## Exercise directions
Print the data below verbatim, minus images.

——

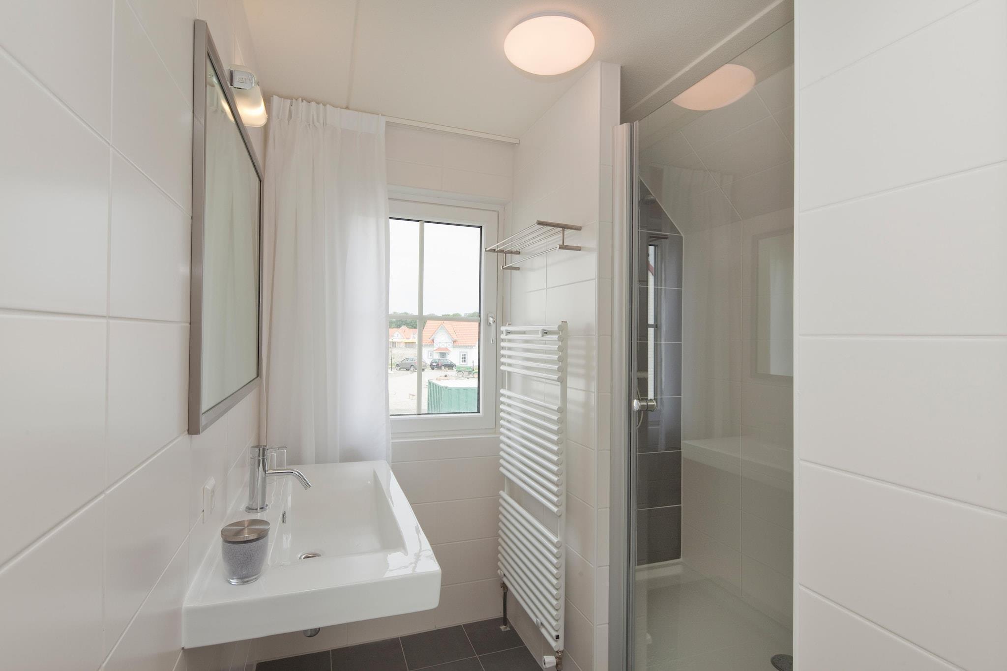 This detached villa is located in the North Sea Résidence Cadzand-Bad holiday park, only 400 m from the North Sea beach and 13 km from the renowned and charming Belgian seaside resort of Knokke. The villa is completely and comfortably furnished and covers two floors. On the ground floor, you'll find a living room and an open-plan kitchen with a dishwasher and microwave. In the hallway, you'll have a separate toilet at your disposal. On the first floor are two bedrooms, each with two single box-spring beds that can be set up as double beds. There are also two bathrooms, one with shower and one with bath. There's a separate toilet on the landing. Through the patio doors, you can reach the garden with (covered) terrace and garden furniture. There's room to park one car at the villa. At Noordzee Résidence Cadzand-Bad there are various villas for rent for four to sixteen people. Note: The layout shown above may vary per holiday accommodation.
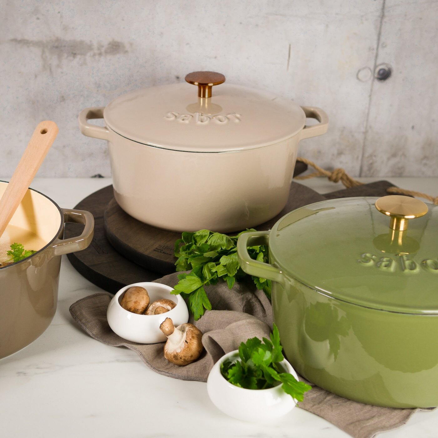 Gjutjärnsgrytorna från Sabor är perfekta för långtidsmatlagning, grytor och grytor, tack vare deras förmåga att hålla och fördela värmen jämnt. För bästa resultat bör de användas med trä- eller plastredskap för att skydda emaljen och rengöras för hand med varmt tvålvatten efter kylning.
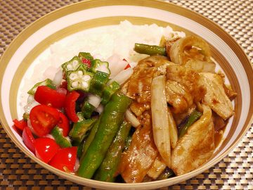 豚バラ肉200g、玉ねぎ1/2個、ししとう8本(ピーマン2個でも可)、しょうがみじん切り1片分、カレールウ2皿分、お湯200ml、鰹粉大さじ1、油大さじ2、酒大さじ1、塩コショウ適宜、ごはん適量、オクラ(塩ゆで)2本、ミニトマト4個、玉ねぎみじん切り少々、レモン汁、塩
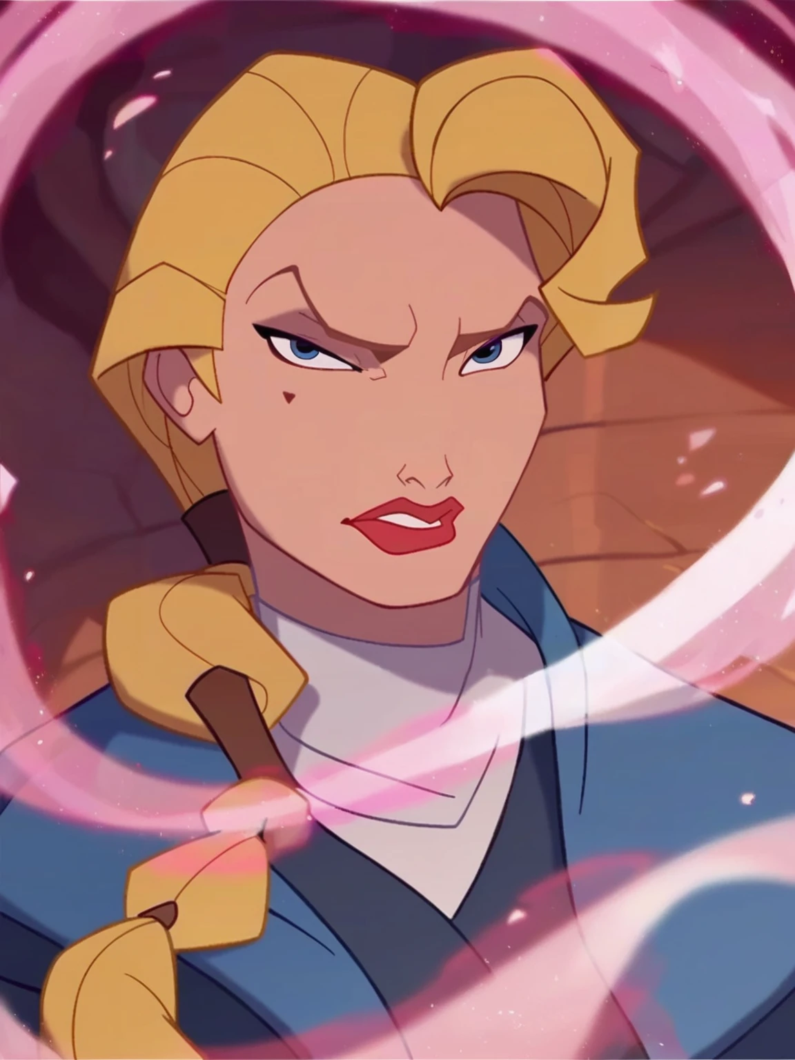 h_s, 1girl, blond hair, blue eyes, red lips, long ponytail hair, mole under eye
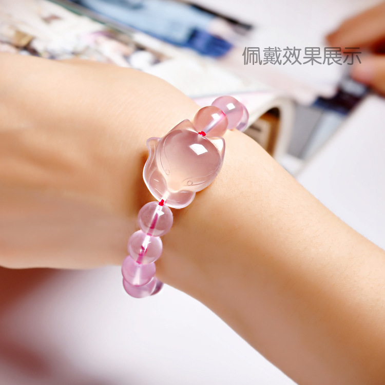 【天然馬達加斯加粉晶】【萌狐配飾】收藏級馬達加斯加通透粉水晶狐狸手鍊大頭萌狐旺姻緣女水晶手鍊

——

## Result of this task
 This detached villa is located in the North Sea Résidence Cadzand-Bad holiday park, only 400 m from the North Sea beach and 13 km from the renowned and charming Belgian seaside resort of Knokke. The villa is completely and comfortably furnished and covers two floors. On the ground floor, you'll find a living room and an open-plan kitchen with a dishwasher and microwave. In the hallway, you'll have a separate toilet at your disposal. On the first floor are two bedrooms, each with two single box-spring beds that can be set up as double beds. There are also two bathrooms, one with shower and one with bath. There's a separate toilet on the landing. Through the patio doors, you can reach the garden with (covered) terrace and garden furniture. There's room to park one car at the villa. At Noordzee Résidence Cadzand-Bad there are various villas for rent for four to sixteen people. Note: The layout shown above may vary per holiday accommodation.
 Gjutjärnsgrytorna från Sabor är perfekta för långtidsmatlagning, grytor och grytor, tack vare deras förmåga att hålla och fördela värmen jämnt. För bästa resultat bör de användas med trä- eller plastredskap för att skydda emaljen och rengöras för hand med varmt tvålvatten efter kylning.
 豚バラ肉200g、玉ねぎ1/2個、ししとう8本(ピーマン2個でも可)、しょうがみじん切り1片分、カレールウ2皿分、お湯200ml、鰹粉大さじ1、油大さじ2、酒大さじ1、塩コショウ適宜、ごはん適量、オクラ(塩ゆで)2本、ミニトマト4個、玉ねぎみじん切り少々、レモン汁、塩
 h_s, 1girl, blond hair, blue eyes, red lips, long ponytail hair, mole under eye
 【天然馬達加斯加粉晶】【萌狐配飾】收藏級馬達加斯加通透粉水晶狐狸手鍊大頭萌狐旺姻緣女水晶手鍊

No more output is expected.